Given $f ( x ) = x^n + a_{1} x_{n − 1} + ··· + a_{n − 1} x + a_n$, find the discriminant of the these polynomials

(1) $x^n+a_{n}$

(2) $x^n+a_{n-1}x$

(3) $x^n+a_{n-1}x+a_n$

For (1), a hint says that we should remember the factorization of $x^n-1$ into $n$ linear terms. But I cannot find how to use it.

And (3) is related to (1) and (2), a hint says that it is related to weighted degree.

I am stucked on (1) and do not know what to do with it, maybe the method of using the hint is considering the $n$ th root of $a_n$, but it seems so weird that I am confused.

Could someone give help on these? Thanks in advance!

EDIT: I use Artin's Algebra as the textbook and in this text the discriminant is defined to be $\prod_{i<j}(x_{i}-x_{j})^2$. May I ask for a derivation from this definition?

Answer 1

Hint for (1): use the expression for the discriminant in term of the roots for a monic polynomial with roots $r_1, r_2, \cdots, r_n$:

$$ D = (-1)^{\frac{1}{2}n(n-1)} \prod_{i \ne j}(r_i-r_j) $$

For the polynomial $x^n+a$ the roots are $r_k = (-a)^{1/n}\,\omega^k$ where $(-a)^{1/n}$ is the principal $n^{th}$ root of $-a$ and $\omega$ is a primitive $n^{th}$ root of unity.

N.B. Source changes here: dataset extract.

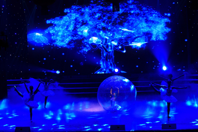 艺术杂技《水晶球芭蕾》,将现代光电科技与舞美设计、服装设计、舞蹈设计一体完美结合,创造出美轮美奂的舞台效果,令舞台上的精彩节目锦上添花。灯光的炫彩变化,配之以活力四射的青春音乐,激发出现场观众的浓烈热情。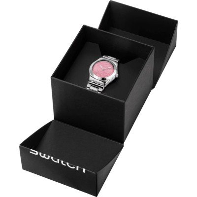 This Swatch watch has a case made of Steel silver with a diameter of 33 mm and is fitted with a Steel silver strap. Inside the case lies a ETA movement and the watch features a Acrylic crystal.

Then the discriminant can be calculated as:

$$ \begin{align} D & = (-1)^{\frac{1}{2}n(n-1)} \left((-a)^{1/n}\right)^{n(n-1)} \prod_{i \ne j}(\omega^i-\omega^j) \\[5px] &= (-1)^{\frac{1}{2}n(n-1)} (-a)^{n-1} \,\prod_{i=0}^{n-1} \,\prod_{j \ne i} (\omega^i-\omega^j) \\[5px] & = (-1)^{\frac{1}{2}n(n-1)} \,(-1)^{n-1} \,a^{n-1} \prod_{i=0}^{n-1} \left( \omega^i \prod_{k \ne 0} (1-\omega^k)\right) \\[5px] & = (-1)^{\frac{1}{2}n(n-1)} \,(-1)^{n-1} \,a^{n-1} \,\left(\prod_{i=0}^{n-1} \omega^i \right) \left( \prod_{k \ne 0} (1-\omega^k)\right)^n \\[5px] & = (-1)^{\frac{1}{2}n(n-1)} \,(-1)^{n-1} \,a^{n-1} \,(-1)^{n+1} \,n^n \\[5px] & = (-1)^{\frac{1}{2}n(n-1)} \,a^{n-1} \,n^n \end{align} $$

The penultimate step follows from $1 \cdot \omega \cdot\omega^2 \, \cdots \cdot w^{n-1} = -(-1)^n$ by Vieta's relations for $x^n-1$, and $\prod_{k \ne 0} (1-\omega^k) = n$ because $\prod_{k \ne 0} (x-\omega^k) = (x^n-1)/(x-1) = x^{n-1}+x^{n-2}+\cdots+1$.

Answer 2

In general: To determine the discriminant of the polynomial we use resultant of Two Polynomials $\mathcal{R}( f(x),f'(x)) $ where $f(x)=a_0x^n+a_1x^{n-1}+a_2x^{n-2}+...+a_{n-1}x+a_n$, then $f'(x)=na_0x^{n-1}+(n-1)a_1x^{n-2}+...+2a_{n-2}x+a_{n-1}$ and $$\Delta=(-1)^{\frac {n(n+1)}{2}} \frac{1}{a_0} \mathcal{R} (f(x),f'(x)) $$

$\mathcal{R}( f(x),f'(x))=\left| \matrix{a_n&a_{n-1}&a_{n-2}& ...&a_0&0&...&0&0 \\0&a_n&a_{n-1}&a_{n-2}&...&a_0&...&0&0\\...&...&...&...&...&...&...&...&...& \\0&0&...&...&...&...&...&a_1&a_0 \\a_{n-1}&2a_{n-2}&...&na_0&0&0&...&0&0\\0&a_{n-1}&2a_{n-2}&...&na_0&0&0&...&0\\...&...&...&...&...&...&...&...&...&\\ 0&0&...&...&...&...&...&(n-1)a_1&na_0 } \right| $

for example: if $n=2$, then $f(x)=a_0x^2+a_1x+a_2$, then $f'(x)=2a_0x+a_1$, so

$\mathcal{R}( f(x),f'(x))=\left| \matrix{a_2&a_1&a_0\\a_1&2a_0&0\\0&a_1&2a_0 } \right|=4a_2a_0^2-a_0a_1^2 $. Therefore $\Delta=(-1)^3\frac{1}{a_0}(4a_2a_0^2-a_0a_1^2)=a_1^2-4a_2a_0$